Séverine et Nicolas arrivent en 3h20, non loin Zaina et Roger. Ensuite, Sandra-Peter et Myriam-Claudia arrivent ensemble en 5h00. Olivier arrivera en 6h seul.
Il nous raconte que son coéquipier qu'il ne connaissait pas avant la course éprouve beaucoup de difficultés et vu son rythme, Olivier a décidé de continuer seul son chemin. Vittorio arrivera d'ailleurs 1h plus tard et durant les 2 étapes qui suivront, Olivier fera la majorité de sa course seul.

Nous montons au fur et à mesure des arrivées nos tentes. Le campement devient une fourmillière de tentes où 1000 coureurs se retrouvent. La douche se passe dans l'eau du lac pure. Le savon n'est pas permis bien sur. Le paysage est magnifique mais notre ventre crie famine. Au menu poulet ou pâtes au choix, accompagné d'une salade, d'une boisson et d'un fruit. Important de recharger nos batteries.

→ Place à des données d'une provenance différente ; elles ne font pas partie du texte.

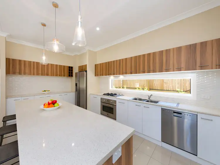 Kitchen features include Stone Bench Tops, Tiled Floors, Walk In Pantry, Island Bench with Feature Lighting, power and Breakfast bar, Gas Cooktop, Rangehood, Dishwasher and ample preparation space.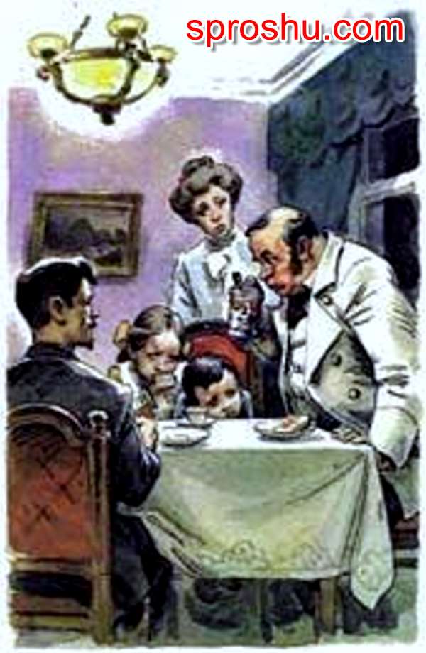 Художники так иллюстрируют эпизод рассказа с недовольным гостем:

Nous profitons de l'après-midi pour faire un somme et ensuite nous nous baladons le long du lac. Chacun en profite pour faire le bilan de cette 1ère étape.
La nuit tombe, le 2ème repas avec et la projection par l'organisation d'un petit film qu'ils ont tourné durant la course. Quelle rapidité. Les images défilent et nous nous remémorons notre matinée.
23h00: coup de feu pour un lever le lendemain matin à 6h00.